§ Extracted records
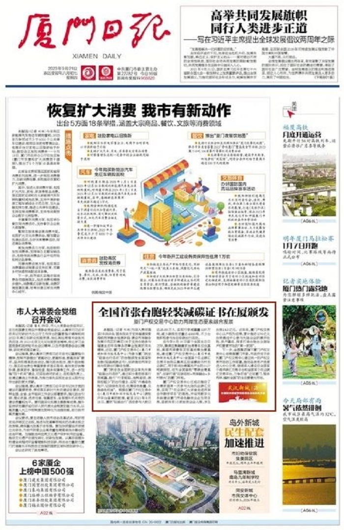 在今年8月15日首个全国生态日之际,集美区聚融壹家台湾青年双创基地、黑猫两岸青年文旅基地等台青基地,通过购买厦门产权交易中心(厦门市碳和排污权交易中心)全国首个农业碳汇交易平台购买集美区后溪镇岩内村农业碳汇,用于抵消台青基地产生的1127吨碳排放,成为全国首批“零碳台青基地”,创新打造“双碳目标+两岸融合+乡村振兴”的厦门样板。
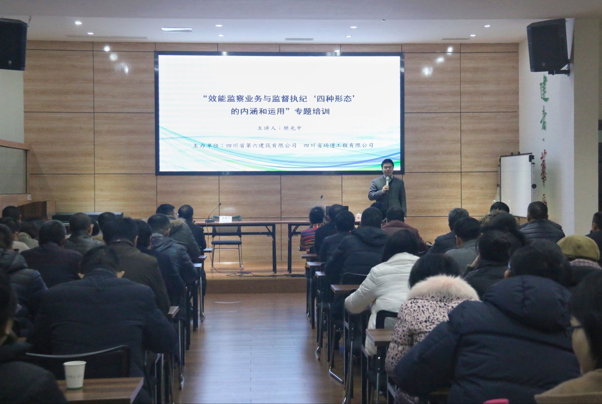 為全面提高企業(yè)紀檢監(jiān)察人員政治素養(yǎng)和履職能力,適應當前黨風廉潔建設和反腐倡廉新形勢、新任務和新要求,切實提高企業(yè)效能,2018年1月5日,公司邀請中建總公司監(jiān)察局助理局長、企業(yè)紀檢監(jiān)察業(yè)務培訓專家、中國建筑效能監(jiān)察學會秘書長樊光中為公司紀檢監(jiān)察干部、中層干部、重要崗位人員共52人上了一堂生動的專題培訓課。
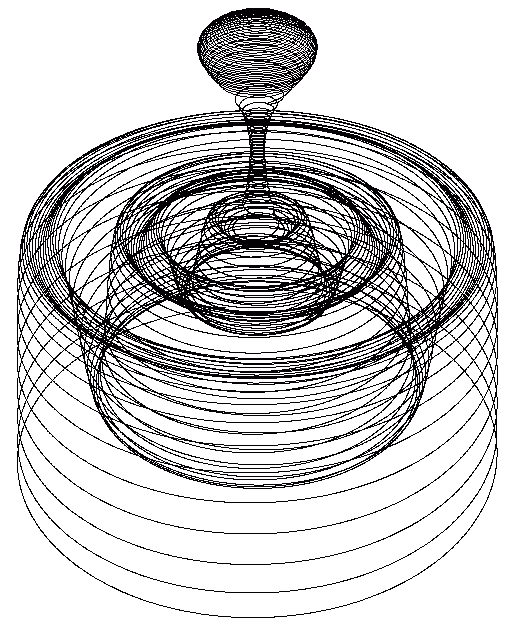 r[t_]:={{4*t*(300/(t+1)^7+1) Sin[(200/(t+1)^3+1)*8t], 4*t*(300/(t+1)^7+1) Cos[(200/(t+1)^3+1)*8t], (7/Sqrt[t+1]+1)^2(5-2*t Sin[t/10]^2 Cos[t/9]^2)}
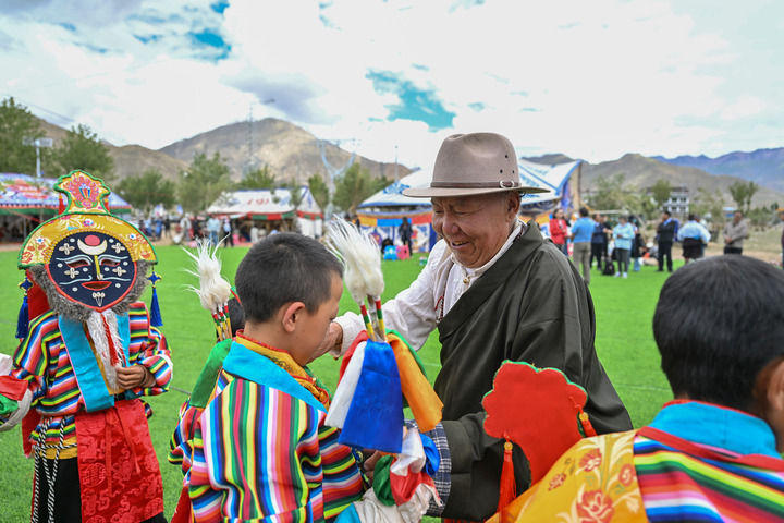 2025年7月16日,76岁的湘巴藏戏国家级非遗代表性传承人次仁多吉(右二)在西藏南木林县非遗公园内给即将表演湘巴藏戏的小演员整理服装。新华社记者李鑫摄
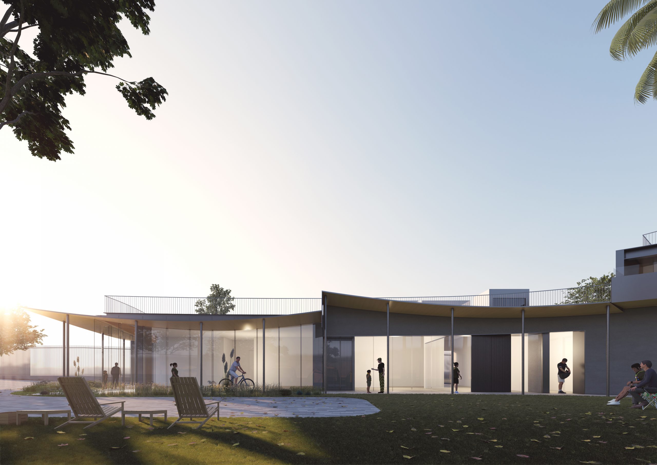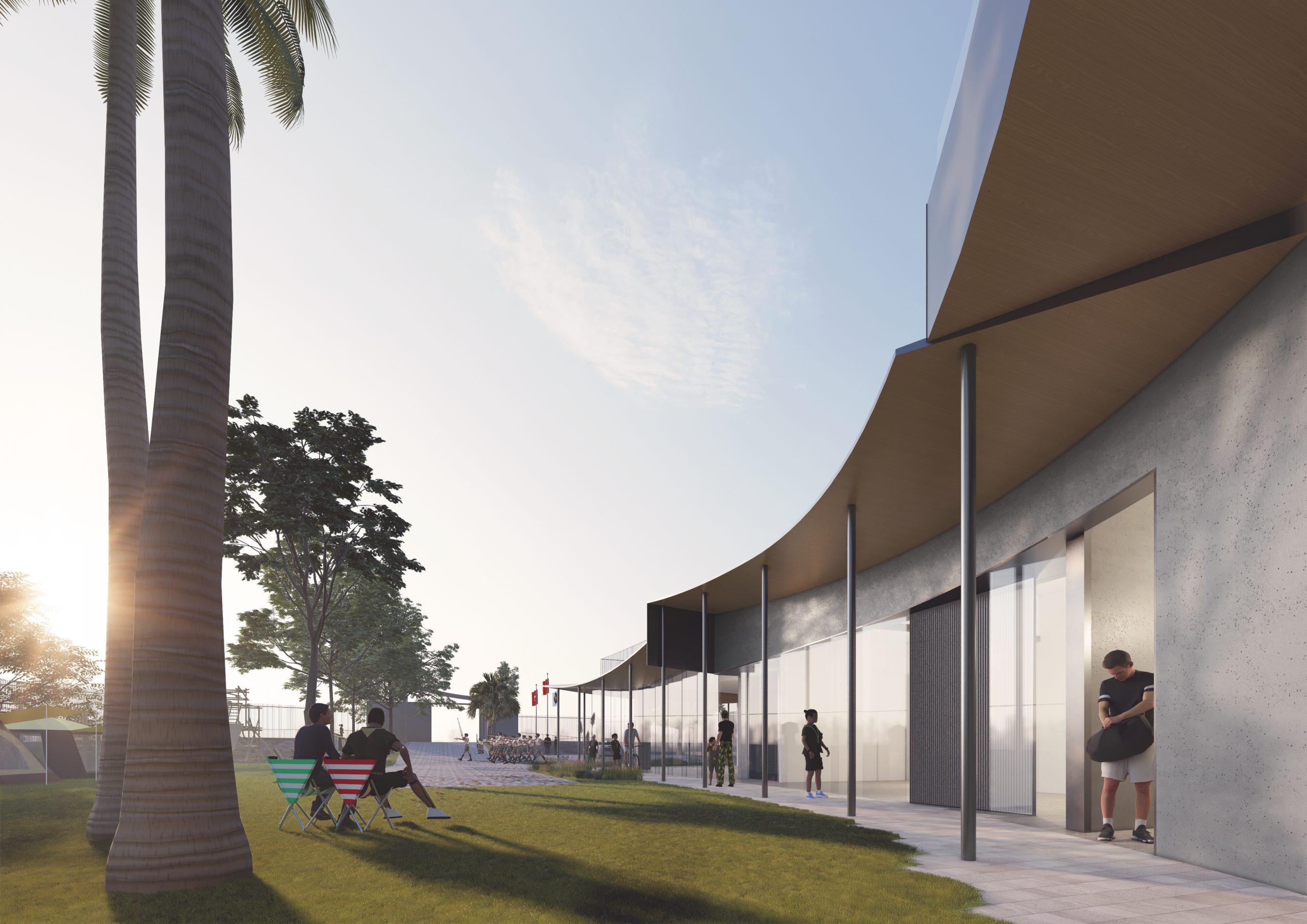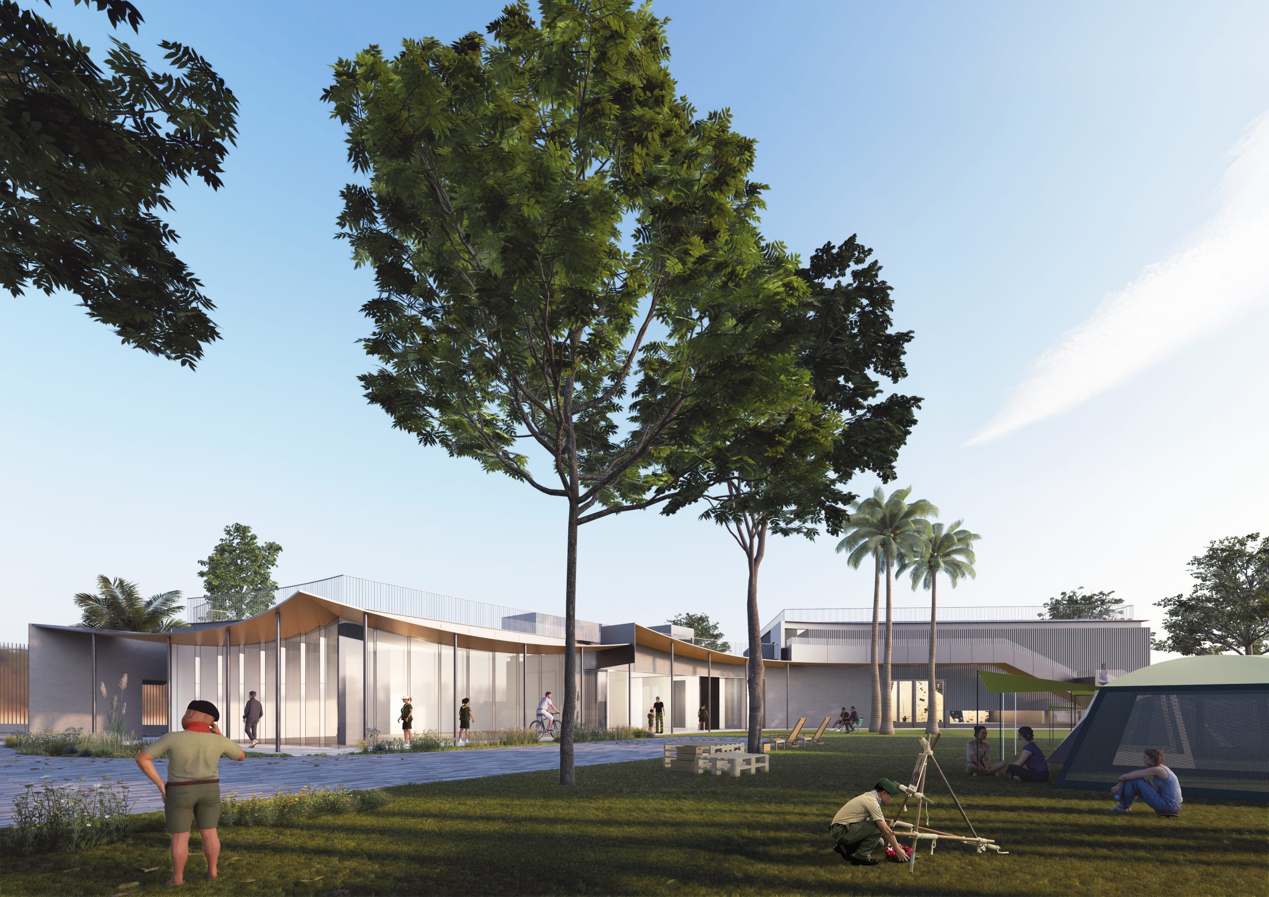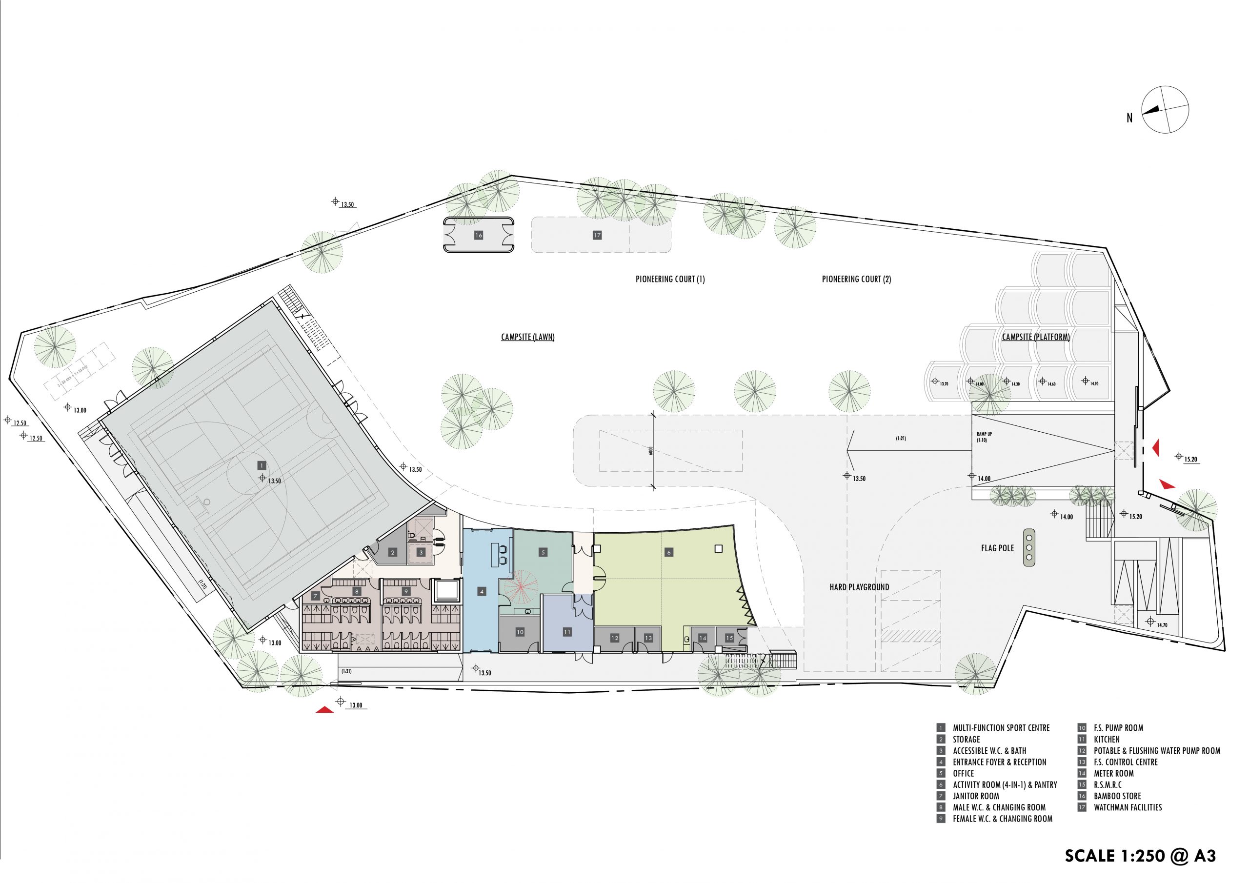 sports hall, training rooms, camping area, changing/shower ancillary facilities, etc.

§ What needs to be done
Please return the lines above exactly, with the pictures omitted.

§ Answer box
 在今年8月15日首个全国生态日之际,集美区聚融壹家台湾青年双创基地、黑猫两岸青年文旅基地等台青基地,通过购买厦门产权交易中心(厦门市碳和排污权交易中心)全国首个农业碳汇交易平台购买集美区后溪镇岩内村农业碳汇,用于抵消台青基地产生的1127吨碳排放,成为全国首批“零碳台青基地”,创新打造“双碳目标+两岸融合+乡村振兴”的厦门样板。
 為全面提高企業(yè)紀檢監(jiān)察人員政治素養(yǎng)和履職能力,適應當前黨風廉潔建設和反腐倡廉新形勢、新任務和新要求,切實提高企業(yè)效能,2018年1月5日,公司邀請中建總公司監(jiān)察局助理局長、企業(yè)紀檢監(jiān)察業(yè)務培訓專家、中國建筑效能監(jiān)察學會秘書長樊光中為公司紀檢監(jiān)察干部、中層干部、重要崗位人員共52人上了一堂生動的專題培訓課。
 r[t_]:={{4*t*(300/(t+1)^7+1) Sin[(200/(t+1)^3+1)*8t], 4*t*(300/(t+1)^7+1) Cos[(200/(t+1)^3+1)*8t], (7/Sqrt[t+1]+1)^2(5-2*t Sin[t/10]^2 Cos[t/9]^2)}
 2025年7月16日,76岁的湘巴藏戏国家级非遗代表性传承人次仁多吉(右二)在西藏南木林县非遗公园内给即将表演湘巴藏戏的小演员整理服装。新华社记者李鑫摄
 sports hall, training rooms, camping area, changing/shower ancillary facilities, etc.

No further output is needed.